> **Data records**
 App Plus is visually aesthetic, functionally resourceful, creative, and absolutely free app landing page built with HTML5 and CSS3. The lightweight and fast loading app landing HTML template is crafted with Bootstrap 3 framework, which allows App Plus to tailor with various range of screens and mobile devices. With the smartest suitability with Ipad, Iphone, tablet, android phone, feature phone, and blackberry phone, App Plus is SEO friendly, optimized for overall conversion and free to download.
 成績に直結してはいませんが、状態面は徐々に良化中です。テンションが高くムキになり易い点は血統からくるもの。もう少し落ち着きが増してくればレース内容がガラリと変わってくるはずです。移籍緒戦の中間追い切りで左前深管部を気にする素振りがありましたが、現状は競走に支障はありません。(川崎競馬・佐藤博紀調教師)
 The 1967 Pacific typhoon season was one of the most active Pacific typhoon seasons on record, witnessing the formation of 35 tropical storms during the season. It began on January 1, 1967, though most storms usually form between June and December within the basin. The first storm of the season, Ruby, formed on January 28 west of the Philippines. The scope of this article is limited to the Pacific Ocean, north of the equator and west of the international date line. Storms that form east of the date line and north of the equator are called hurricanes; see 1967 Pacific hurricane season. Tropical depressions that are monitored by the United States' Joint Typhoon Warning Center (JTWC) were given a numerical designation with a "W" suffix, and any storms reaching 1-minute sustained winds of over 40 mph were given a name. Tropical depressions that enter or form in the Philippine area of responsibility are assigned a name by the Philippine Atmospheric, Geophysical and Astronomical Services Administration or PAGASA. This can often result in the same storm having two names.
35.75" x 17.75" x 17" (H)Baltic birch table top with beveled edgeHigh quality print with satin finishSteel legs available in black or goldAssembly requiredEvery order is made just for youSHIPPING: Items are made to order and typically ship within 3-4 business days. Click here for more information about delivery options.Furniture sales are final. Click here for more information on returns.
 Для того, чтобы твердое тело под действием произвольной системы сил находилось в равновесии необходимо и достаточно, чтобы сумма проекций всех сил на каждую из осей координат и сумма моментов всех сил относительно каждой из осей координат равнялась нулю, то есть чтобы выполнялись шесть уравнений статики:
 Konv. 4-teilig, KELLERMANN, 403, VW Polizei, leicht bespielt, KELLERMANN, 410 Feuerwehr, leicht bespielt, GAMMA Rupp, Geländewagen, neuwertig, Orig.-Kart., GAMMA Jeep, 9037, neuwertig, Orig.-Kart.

* * *

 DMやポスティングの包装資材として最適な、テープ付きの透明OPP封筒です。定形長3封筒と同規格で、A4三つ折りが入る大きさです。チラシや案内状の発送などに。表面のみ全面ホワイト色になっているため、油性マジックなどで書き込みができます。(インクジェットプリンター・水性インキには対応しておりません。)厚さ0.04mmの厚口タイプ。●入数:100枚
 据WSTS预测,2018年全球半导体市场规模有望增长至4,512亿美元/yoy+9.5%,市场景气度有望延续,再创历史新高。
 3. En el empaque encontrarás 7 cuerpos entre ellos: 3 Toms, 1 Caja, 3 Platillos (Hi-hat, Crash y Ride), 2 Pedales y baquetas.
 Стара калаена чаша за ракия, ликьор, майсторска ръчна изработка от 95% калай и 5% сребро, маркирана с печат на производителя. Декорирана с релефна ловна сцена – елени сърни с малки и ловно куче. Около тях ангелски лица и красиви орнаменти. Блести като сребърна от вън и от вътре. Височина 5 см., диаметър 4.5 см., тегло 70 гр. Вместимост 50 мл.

==

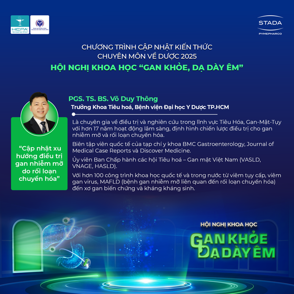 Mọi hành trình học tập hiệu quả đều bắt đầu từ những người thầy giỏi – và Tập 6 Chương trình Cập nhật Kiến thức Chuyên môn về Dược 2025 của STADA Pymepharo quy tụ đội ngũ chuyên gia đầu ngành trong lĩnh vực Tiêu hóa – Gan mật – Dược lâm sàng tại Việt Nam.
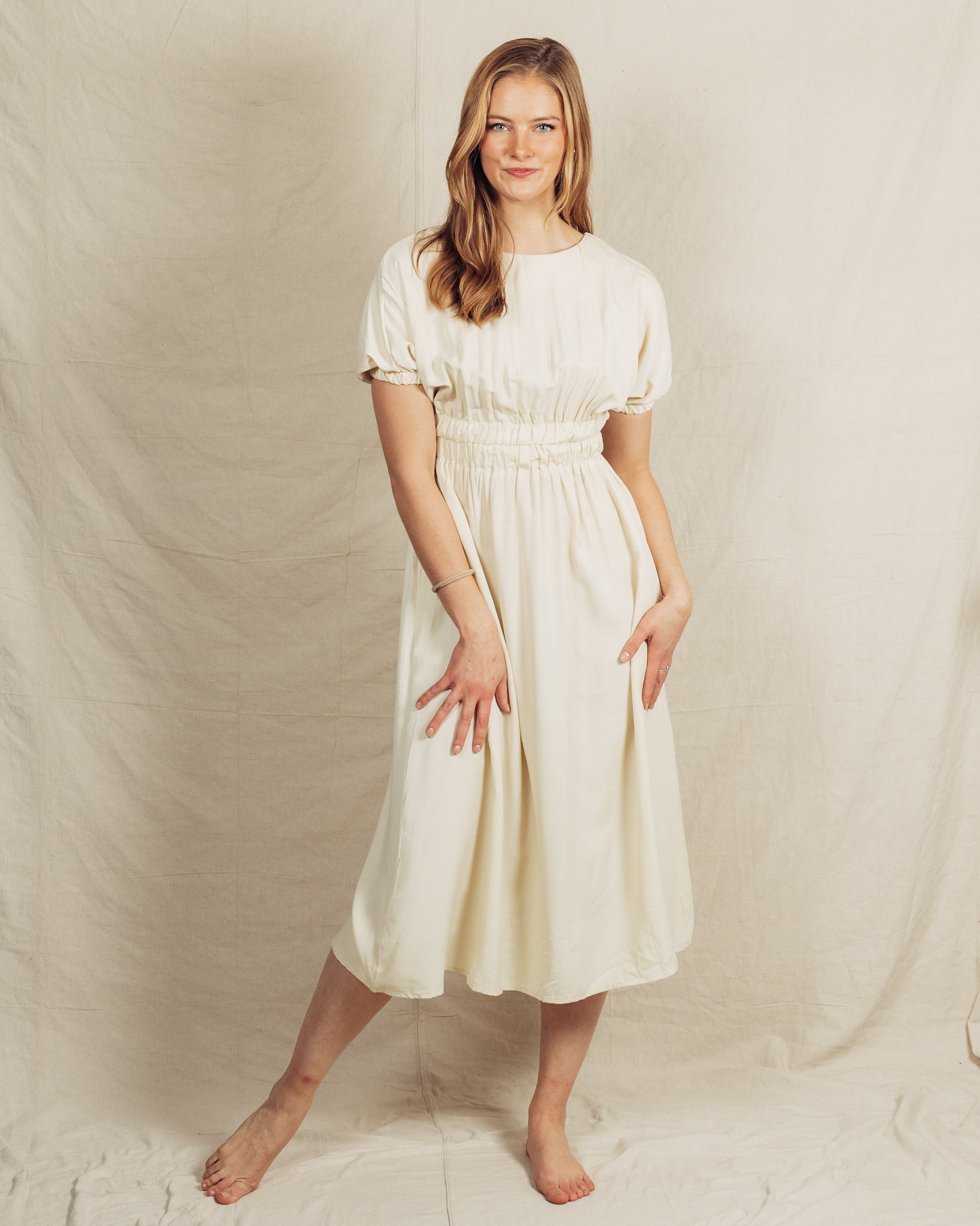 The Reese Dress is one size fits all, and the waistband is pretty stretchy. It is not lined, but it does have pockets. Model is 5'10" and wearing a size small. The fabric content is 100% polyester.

> **Description of the task**
Once you reach the line with "App Plus is visually" in the data above, copy it and every line after it exactly, up to and including the line with "成績に直結してはいませんが、".

> **Written answer**
 App Plus is visually aesthetic, functionally resourceful, creative, and absolutely free app landing page built with HTML5 and CSS3. The lightweight and fast loading app landing HTML template is crafted with Bootstrap 3 framework, which allows App Plus to tailor with various range of screens and mobile devices. With the smartest suitability with Ipad, Iphone, tablet, android phone, feature phone, and blackberry phone, App Plus is SEO friendly, optimized for overall conversion and free to download.
 成績に直結してはいませんが、状態面は徐々に良化中です。テンションが高くムキになり易い点は血統からくるもの。もう少し落ち着きが増してくればレース内容がガラリと変わってくるはずです。移籍緒戦の中間追い切りで左前深管部を気にする素振りがありましたが、現状は競走に支障はありません。(川崎競馬・佐藤博紀調教師)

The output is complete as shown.